Objectives: The goal is to assess the incidence of conversion from laparoscopic to open cholecystectomy, as well as to identify preoperative clinical, laboratory, and radiological risk factors.
Materials and Methods: Over the course of 18 months, 200 patients undergoing laparoscopic cholecystectomy at a tertiary care hospital participated in this prospective observational study. Preoperative characteristics such as age, gender, body mass index, history of acute cholecystitis, previous upper abdominal surgery, white blood cell count, and ultrasonographic results were documented. Conversion to open cholecystectomy was observed. Statistical analysis was conducted using chi-square test and multivariate logistic regression, with p-values <0.05 considered significant.

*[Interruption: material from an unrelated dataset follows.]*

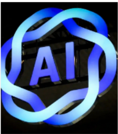
AI Safety Researcher Resigns With 'World Is in Peril' Warning

Results: Out of 200 patients, 26 (13%) required an open cholecystectomy. Preoperative risk variables for conversion included age >60 years, male gender, acute cholecystitis, previous upper abdominal surgery, elevated white blood cell count, gallbladder wall thickness >4 mm, and pericholecystic fluid (p < 0.05). Acute cholecystitis and gallbladder wall thickening were found to be independent predictors on multivariate analysis.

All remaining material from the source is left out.